§ Work to be completed:
Type the data below again exactly. Omit all pictures.

§ Dataset excerpt:
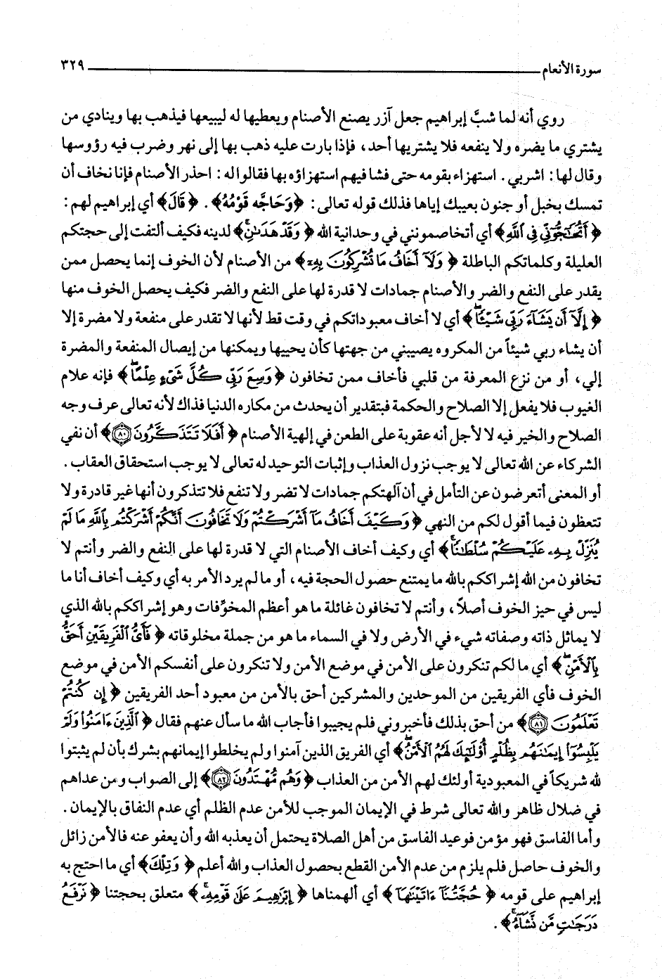 وَكَيْفَ أَخافُ ما أَشْرَكْتُمْ وَلا تَخافُونَ أَنَّكُمْ أَشْرَكْتُمْ بِاللَّهِ ما لَمْ يُنَزِّلْ بِهِ عَلَيْكُمْ سُلْطاناً أي وكيف أخاف الأصنام التي لا قدرة لها على النفع والضر وأنتم لا تخافون من الله إشراككم بالله ما يمتنع حصول الحجة فيه، أو ما لم يرد الأمر به أي وكيف أخاف أنا ما ليس في حيز الخوف أصلا، وأنتم لا تخافون غائلة ما هو أعظم المخوّفات وهو إشراككم بالله الذي لا يماثل ذاته وصفاته شيء في الأرض ولا في السماء ما هو من جملة مخلوقاته فَأَيُّ الْفَرِيقَيْنِ أَحَقُّ بِالْأَمْنِ أي ما لكم تنكرون على الأمن في موضع الأمن ولا تنكرون على أنفسكم الأمن في موضع الخوف فأي الفريقين من الموحدين والمشركين أحق بالأمن من معبود أحد الفريقين إِنْ كُنْتُمْ تَعْلَمُونَ (81) من أحق بذلك فأخبروني فلم يجيبوا فأجاب الله ما سأل عنهم فقال الَّذِينَ آمَنُوا وَلَمْ يَلْبِسُوا إِيمانَهُمْ بِظُلْمٍ أُولئِكَ لَهُمُ الْأَمْنُ أي الفريق الذين آمنوا ولم يخلطوا إيمانهم بشرك بأن لم يثبتوا لله شريكا في المعبودية أولئك لهم الأمن من العذاب وَهُمْ مُهْتَدُونَ (82) إلى الصواب ومن عداهم في ضلال ظاهر والله تعالى شرط في الإيمان الموجب للأمن عدم الظلم أي عدم النفاق بالإيمان.
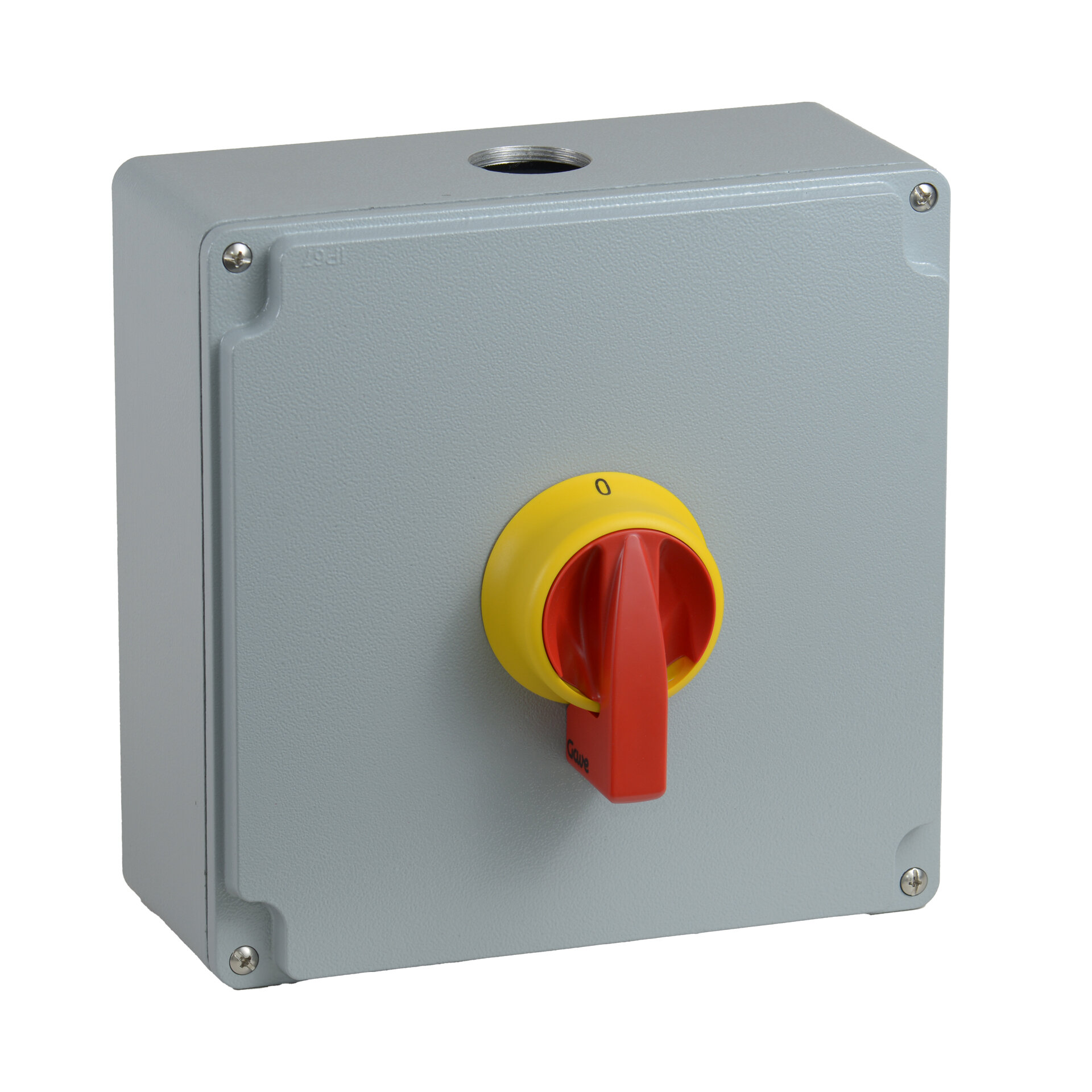 Interruptor de seguridad IP69K 3 polos 100 A en caja de aluminio. Caja 4AL en aluminio color gris RAL7040 con superfície de acabado rugoso tratada para resistir a la corrosión, medidas 250x250x111. Grado de protección IP65. Entrada superior y salida inferior M40 agujeros roscados. Fijación a superfície por 4 puntos. Mando rojo/amarillo bloqueable por candados (hasta 4 de 8 mm de diámetro). Conexionado con bornes de jaula para cable 16-50 mm².
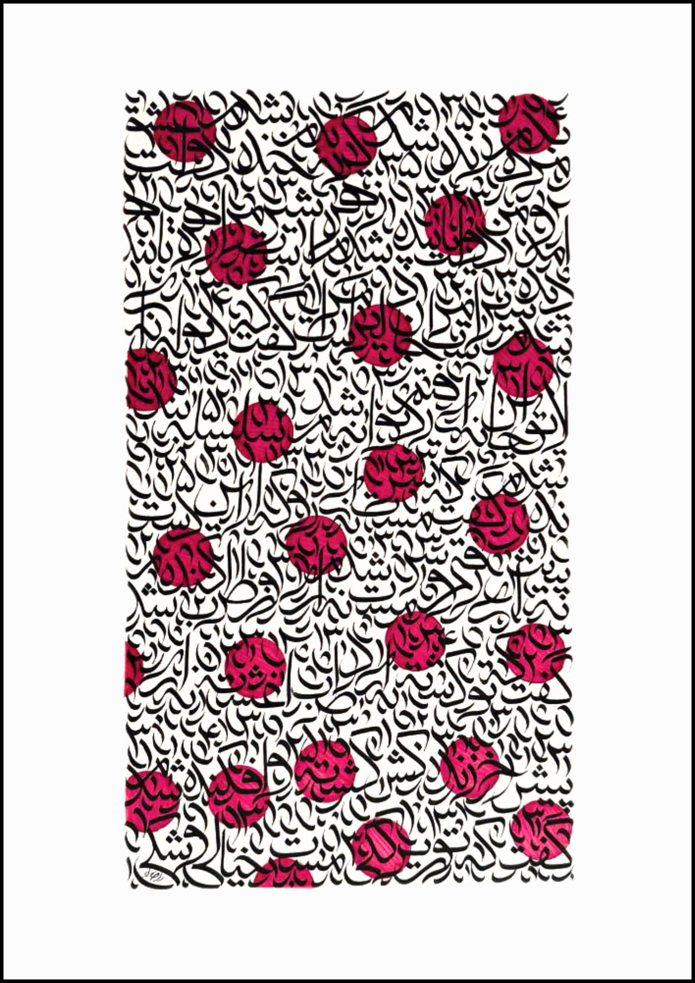Blending the spiritual traditions of Persian calligraphy with a contemporary, abstract sensibility, the works on view reimagine sacred text as immersive visual poetry. This exhibition marks a decade of Beigi’s evolution as an artist and mystic scribe, offering a rare glimpse into the meditative power of form, gesture, and longing.
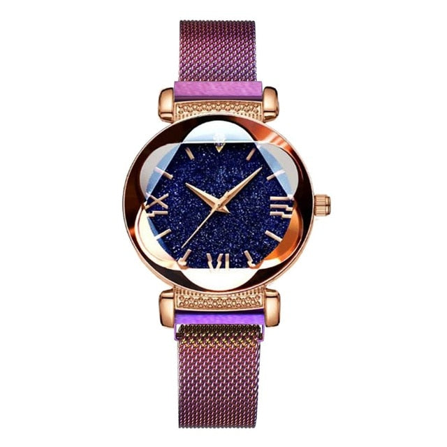 Luxury Women Magnetic Watches Personality Romantic Starry Sky Bracelet Watch Roman Numeral Desgin Quartz Clock Relogio 2019

§ Your response:
 وَكَيْفَ أَخافُ ما أَشْرَكْتُمْ وَلا تَخافُونَ أَنَّكُمْ أَشْرَكْتُمْ بِاللَّهِ ما لَمْ يُنَزِّلْ بِهِ عَلَيْكُمْ سُلْطاناً أي وكيف أخاف الأصنام التي لا قدرة لها على النفع والضر وأنتم لا تخافون من الله إشراككم بالله ما يمتنع حصول الحجة فيه، أو ما لم يرد الأمر به أي وكيف أخاف أنا ما ليس في حيز الخوف أصلا، وأنتم لا تخافون غائلة ما هو أعظم المخوّفات وهو إشراككم بالله الذي لا يماثل ذاته وصفاته شيء في الأرض ولا في السماء ما هو من جملة مخلوقاته فَأَيُّ الْفَرِيقَيْنِ أَحَقُّ بِالْأَمْنِ أي ما لكم تنكرون على الأمن في موضع الأمن ولا تنكرون على أنفسكم الأمن في موضع الخوف فأي الفريقين من الموحدين والمشركين أحق بالأمن من معبود أحد الفريقين إِنْ كُنْتُمْ تَعْلَمُونَ (81) من أحق بذلك فأخبروني فلم يجيبوا فأجاب الله ما سأل عنهم فقال الَّذِينَ آمَنُوا وَلَمْ يَلْبِسُوا إِيمانَهُمْ بِظُلْمٍ أُولئِكَ لَهُمُ الْأَمْنُ أي الفريق الذين آمنوا ولم يخلطوا إيمانهم بشرك بأن لم يثبتوا لله شريكا في المعبودية أولئك لهم الأمن من العذاب وَهُمْ مُهْتَدُونَ (82) إلى الصواب ومن عداهم في ضلال ظاهر والله تعالى شرط في الإيمان الموجب للأمن عدم الظلم أي عدم النفاق بالإيمان.
 Interruptor de seguridad IP69K 3 polos 100 A en caja de aluminio. Caja 4AL en aluminio color gris RAL7040 con superfície de acabado rugoso tratada para resistir a la corrosión, medidas 250x250x111. Grado de protección IP65. Entrada superior y salida inferior M40 agujeros roscados. Fijación a superfície por 4 puntos. Mando rojo/amarillo bloqueable por candados (hasta 4 de 8 mm de diámetro). Conexionado con bornes de jaula para cable 16-50 mm².
Blending the spiritual traditions of Persian calligraphy with a contemporary, abstract sensibility, the works on view reimagine sacred text as immersive visual poetry. This exhibition marks a decade of Beigi’s evolution as an artist and mystic scribe, offering a rare glimpse into the meditative power of form, gesture, and longing.
 Luxury Women Magnetic Watches Personality Romantic Starry Sky Bracelet Watch Roman Numeral Desgin Quartz Clock Relogio 2019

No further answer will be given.